* Supplied material
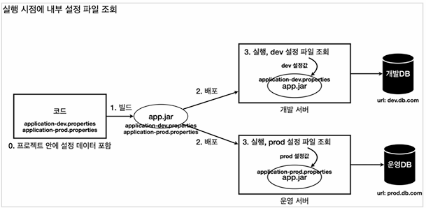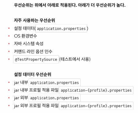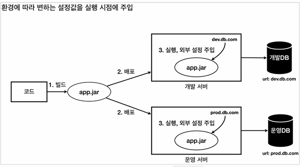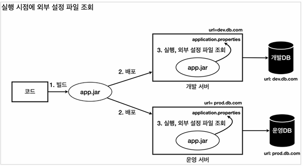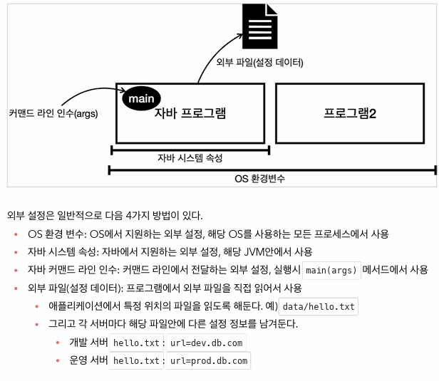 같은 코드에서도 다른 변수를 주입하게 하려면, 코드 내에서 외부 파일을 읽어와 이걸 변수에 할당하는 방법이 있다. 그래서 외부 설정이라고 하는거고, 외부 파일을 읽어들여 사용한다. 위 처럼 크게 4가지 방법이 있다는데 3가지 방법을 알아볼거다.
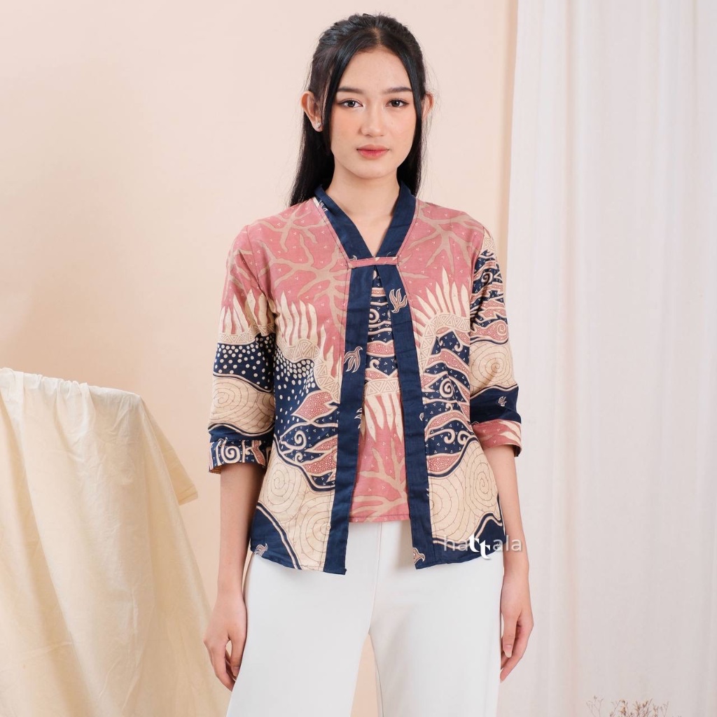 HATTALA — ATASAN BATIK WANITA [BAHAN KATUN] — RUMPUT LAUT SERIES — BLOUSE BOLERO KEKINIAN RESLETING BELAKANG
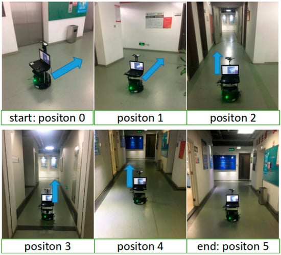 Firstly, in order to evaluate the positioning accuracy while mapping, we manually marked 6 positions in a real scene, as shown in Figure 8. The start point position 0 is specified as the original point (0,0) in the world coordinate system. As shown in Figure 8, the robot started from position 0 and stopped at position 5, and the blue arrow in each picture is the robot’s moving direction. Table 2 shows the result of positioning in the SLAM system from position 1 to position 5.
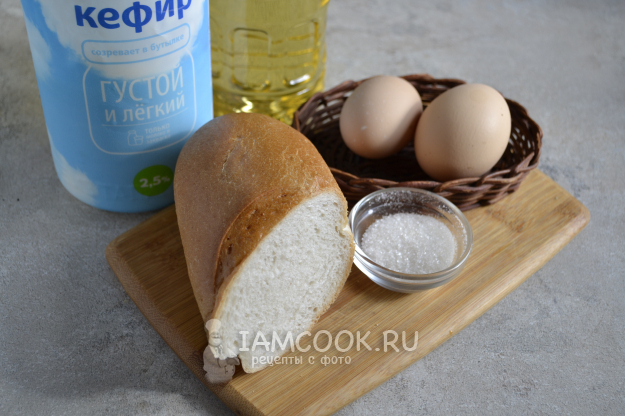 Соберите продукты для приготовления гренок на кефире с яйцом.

* Description of the task
Leave the pictures out, and print every line of the listing exactly as written.

* Result for this exercise
 같은 코드에서도 다른 변수를 주입하게 하려면, 코드 내에서 외부 파일을 읽어와 이걸 변수에 할당하는 방법이 있다. 그래서 외부 설정이라고 하는거고, 외부 파일을 읽어들여 사용한다. 위 처럼 크게 4가지 방법이 있다는데 3가지 방법을 알아볼거다.
 HATTALA — ATASAN BATIK WANITA [BAHAN KATUN] — RUMPUT LAUT SERIES — BLOUSE BOLERO KEKINIAN RESLETING BELAKANG
 Firstly, in order to evaluate the positioning accuracy while mapping, we manually marked 6 positions in a real scene, as shown in Figure 8. The start point position 0 is specified as the original point (0,0) in the world coordinate system. As shown in Figure 8, the robot started from position 0 and stopped at position 5, and the blue arrow in each picture is the robot’s moving direction. Table 2 shows the result of positioning in the SLAM system from position 1 to position 5.
 Соберите продукты для приготовления гренок на кефире с яйцом.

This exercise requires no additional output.